Today I have an exciting extract for you from Elaine Everest’s new book The Patchwork Girls. I love reading Elaine’s books and this sounds like the perfect read during Christmas!
I hope you enjoy this extract. The Patchwork Girls by Elaine Everest is out now, published by Pan Macmillan in paperback original, priced £7.99.
1939. After the sudden and tragic loss of her husband, Helen is returning home to her mother’s house in Biggin Hill, Kent – the one place she vowed she’d never go back to again.
Alone and not knowing where to turn, Helen finds herself joining the local women’s sewing circle despite being hopeless with a needle and thread. These resourceful women can not only make do and mend clothes, quilts and woolly hats, but their friendship mends something deeper in Helen too. Lizzie is a natural leader, always ready to lend a helping hand or a listening ear. Effie has uprooted her life from London to keep her two little girls away from the bombing raids, and the sewing circle is a welcome distraction from worries about how to keep a roof over their heads and about her husband too, now serving in active duty overseas.
When the reason for Helen’s husband’s death comes to light, her world is turned upside down yet again. The investigating officer on the case, Richard, will leave no stone unturned, but it’s not long before his interest in Helen goes beyond the professional. As she pieces together old fabrics into a beautiful quilt, will Helen patch up the rifts in her own life?
Helen wasn’t sure what to make of Tish. In the few minutes she’d known her, she’d got the impression that the vicar’s wife was someone who called a spade a spade. ‘I’m not sure how much use I’ll be. It would take me so long to knit a pair of socks, the war would be over by the time I’d cast off. As for my sewing skills – well, I can just about manage to turn up a hem on a frock and replace a loose button. However, I look forward to coming to the meetings, if only to get out of the house,’ she smiled.
‘I’ve heard about you, of course; you’re the MP’s widow. It must have been a terrible shock to you to lose your husband like that,’ Tish said, patting her hand. ‘I’m pleased you’ve come back to live with your mother. If we haven’t got family at times like this, what do we have?’

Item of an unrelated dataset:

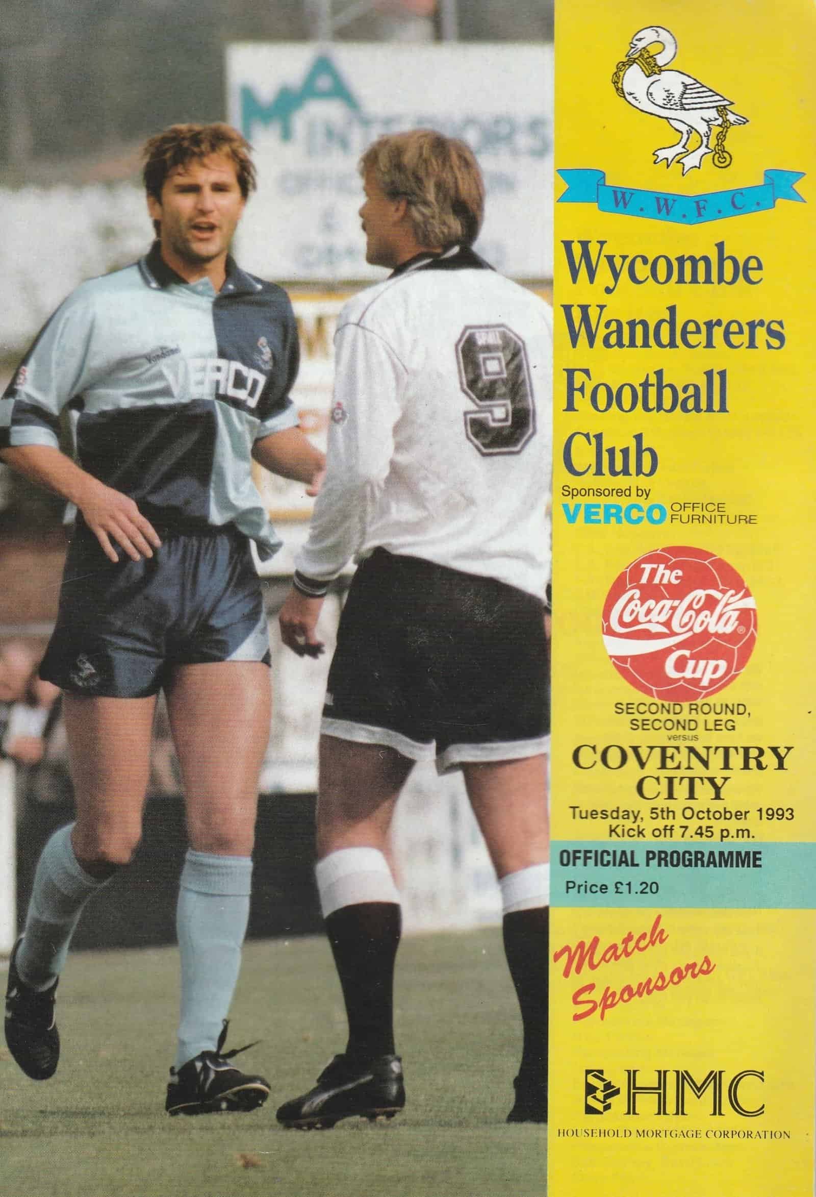 Match: Wycombe Wanderers v Coventry City Competition: Coca Cola Cup 2nd Round 2nd leg Date: 05-Oct-1993 Comments: Rating: 4 Condition: Very good Weight in grams: 140

Helen only smiled, unable to think of a reply. There was a glint in Tish’s eye that might have been irony, and it made her wonder if the woman might have crossed paths with Hillary at some point.
‘And don’t worry about your sewing skills today. This is a “let’s get to know each other” meeting – and we have a special guest.’

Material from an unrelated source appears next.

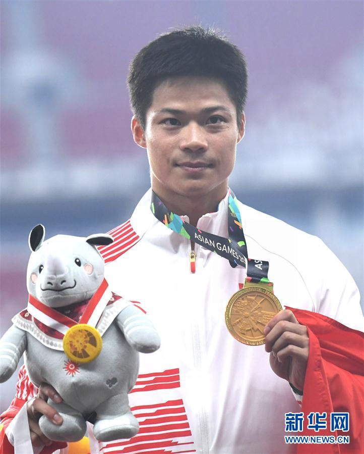 这是2018年8月26日,中国选手苏炳添在第18届亚运会田径男子100米颁奖仪式上。 新华社记者岳月伟摄

‘That does sound interesting,’ Helen said, wondering what she’d let herself in for.
‘Oh, yes. Our speaker is Elizabeth Donnington, and she’s going to tell us all about her quilts.’
Helen groaned inwardly. As far as she was concerned, a quilt was something to hide under when she was feeling miserable, and she had done a lot of that lately. She wished she was at home right now, snuggled in with a good book and a cup of cocoa. Thoughts of home reminded her that Inspector Gladstone would be there to interview her later, so at least she had an excuse to hurry away if things became too boring here. ‘Wonderful. Now, is there anything I can do to help?’
Tish looked at her watch. ‘Good grief, the hordes will be descending on us within ten minutes and the seats haven’t been put out. Would you be a dear . . . ? I’ll have a quick word with Effie about using the right cups and saucers.’
Helen was only too happy to have something to do, and she set to pulling stacks of metal chairs from behind a curtain next to the stage at one end of the hall. ‘Er – Tish, will your speaker be up on the stage?’ she called out.
‘Yes; just two chairs behind the small table, please. She’s going to work near the audience so we can have a close look at her quilts.’
Helen set up a couple of wooden trestle tables before laying out three rows of chairs.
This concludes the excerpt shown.